— REQUIRED ACTION —
Only one stretch of the data below is needed. Output the lines from the one with "Chantel Jeffries montre" up to and including the one with "Women Sleeveless Velvet", exactly as they stand.

— DATASET CONTENT —

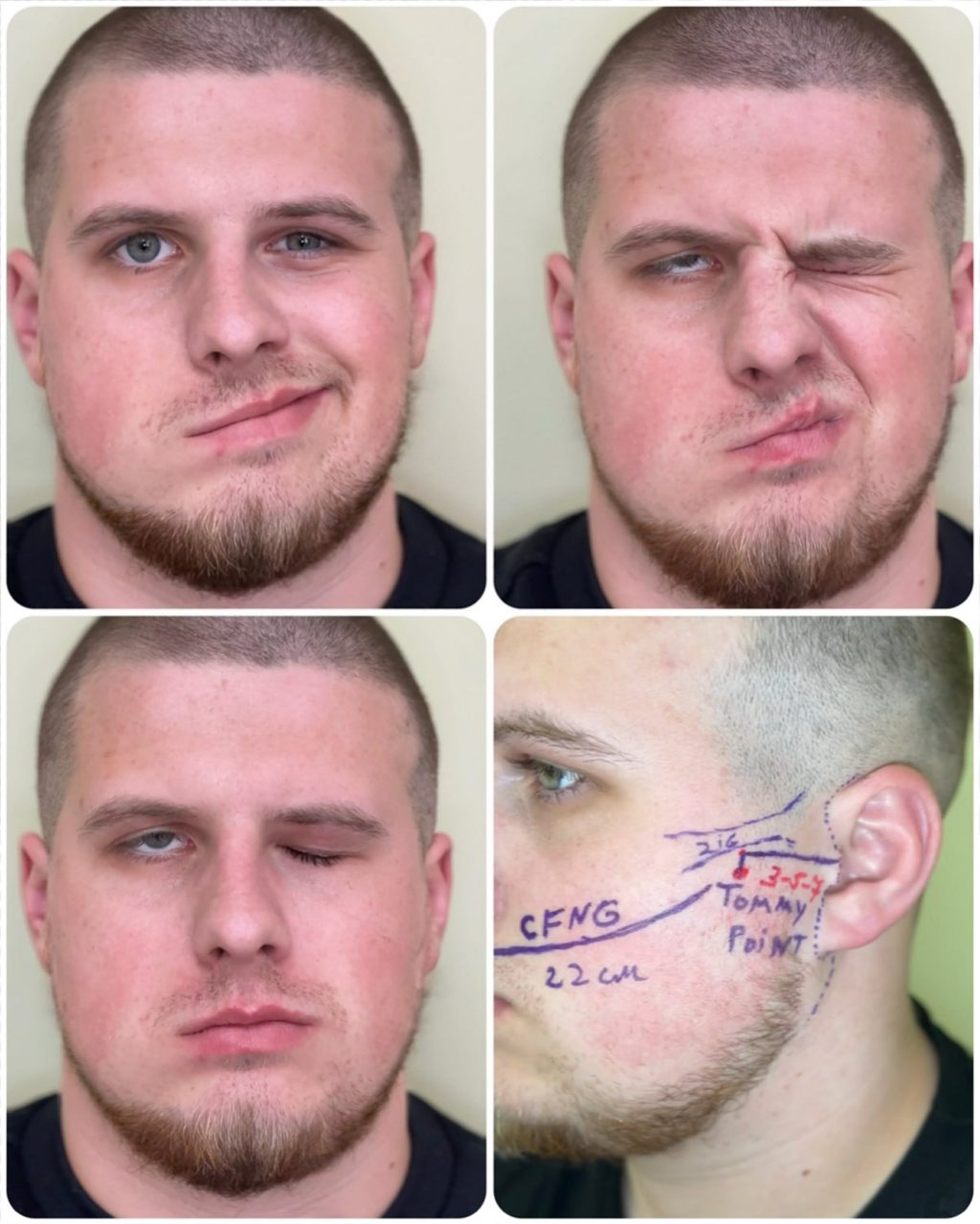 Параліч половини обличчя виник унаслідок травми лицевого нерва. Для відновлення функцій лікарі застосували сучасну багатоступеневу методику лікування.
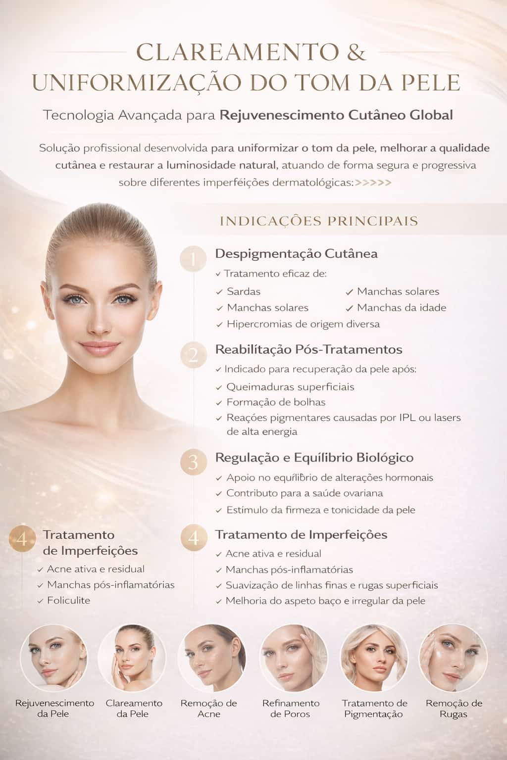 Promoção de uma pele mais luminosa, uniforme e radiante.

* * *

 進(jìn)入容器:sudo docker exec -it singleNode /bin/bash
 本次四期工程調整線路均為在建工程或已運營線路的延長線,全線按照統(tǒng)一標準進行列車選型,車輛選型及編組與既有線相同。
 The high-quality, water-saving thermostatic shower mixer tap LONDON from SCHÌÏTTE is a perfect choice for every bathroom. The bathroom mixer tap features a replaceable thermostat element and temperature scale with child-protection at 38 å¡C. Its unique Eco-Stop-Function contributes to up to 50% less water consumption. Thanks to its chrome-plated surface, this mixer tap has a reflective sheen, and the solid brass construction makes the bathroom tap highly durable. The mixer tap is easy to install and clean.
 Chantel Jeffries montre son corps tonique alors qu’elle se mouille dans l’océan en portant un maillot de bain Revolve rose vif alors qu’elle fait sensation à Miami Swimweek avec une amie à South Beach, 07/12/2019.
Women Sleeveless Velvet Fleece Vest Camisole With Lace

— FINISHED EXERCISE —
 Chantel Jeffries montre son corps tonique alors qu’elle se mouille dans l’océan en portant un maillot de bain Revolve rose vif alors qu’elle fait sensation à Miami Swimweek avec une amie à South Beach, 07/12/2019.
Women Sleeveless Velvet Fleece Vest Camisole With Lace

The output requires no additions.